TACTICS is an initiative managed by the European Child safety Alliance and the collaborators involved in the project represent over 30 countries. TACTICS aims to assist with the implementation of evidence-based practices that work for the prevention of child injury. In order to do this TACTICS provides the necessary information and practical tools and resources for child injury prevention programmes to be implemented. These resources include child safety report cards for intended and unintended injury, summaries of good practice, implementation examples and a toolkit. This initiative started in April 2011 and will run through to March 2014.
The IPPOCA project (Improving Professional Practice On Child Abuse) is funded by DG Justice – European Commission and falls under the Daphne III programme. It is led by the Meyer Children Hospital in Florence (IT), with the following partners:
The project began in June 2013 and is due to run until January 2015. Its aim consists in improving knowledge and practices implemented by pediatric hospital partners’ health staff in case of a suspected child victim of abuse or maltreatment. Objectives are attained by the production of a manual based on the replies of a questionnaire set up in order to get a comprehensive picture of procedures already implemented by the three partner hospitals. Subsequently the evaluation of results is done in order to select a range of best practices already in use. This information is listed in an annex attached to the manual. The content of the manual is focused on issues regarding the abuse suspect: if a specific protocol to apply exists, who detects the suspect, who has to report it, how it is treated, if and how other professionals are involved. To reach a constructive comparison it was first necessary to understand the social and economic context as well as the law framework each partner is working in, after that it was possible to explore the diverse methodologies applied by the partner hospital health staff to recognize if a child could be a victim of an abuse or maltreatment.
In relation to this manual a teaching program was organized in each of the partner institution for its own personnel but not limited to.

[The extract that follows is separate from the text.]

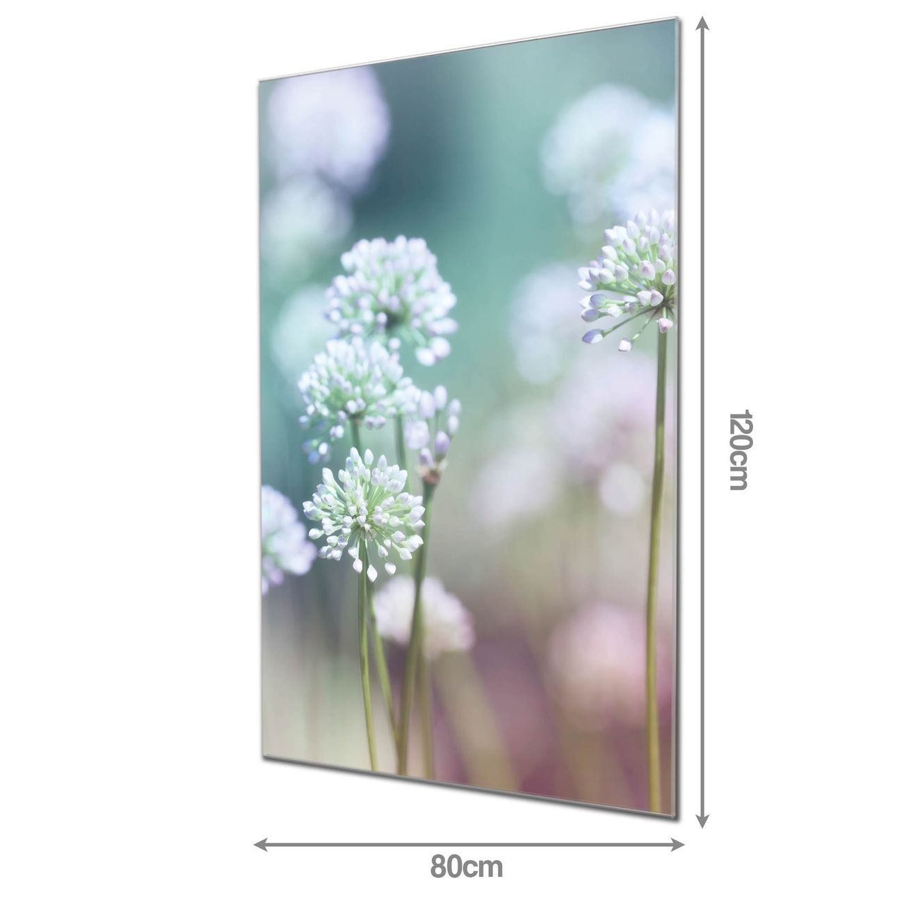 Material  4mm Sicherheitsglas mit Metallrückwand Eigenschaften  farbbrillant, kratzfest, rahmenlos Maße  80x120x0,6cm, 14,40 kg schwer Motiv  Nummer 11577 Lauchblüte

The main goal is improving the health care professionals’ skills to recognize and identify an abused child but also facilitating the exchange of information on specific procedure to follow, which can be reproduced also in other countries and becoming a common shared method. The health staff working on child abuse and maltreatment often employs a multidisciplinary approach, even if in different ways, so it is strictly interacting with other professionals such as social workers, police, teachers, judges and lawyers.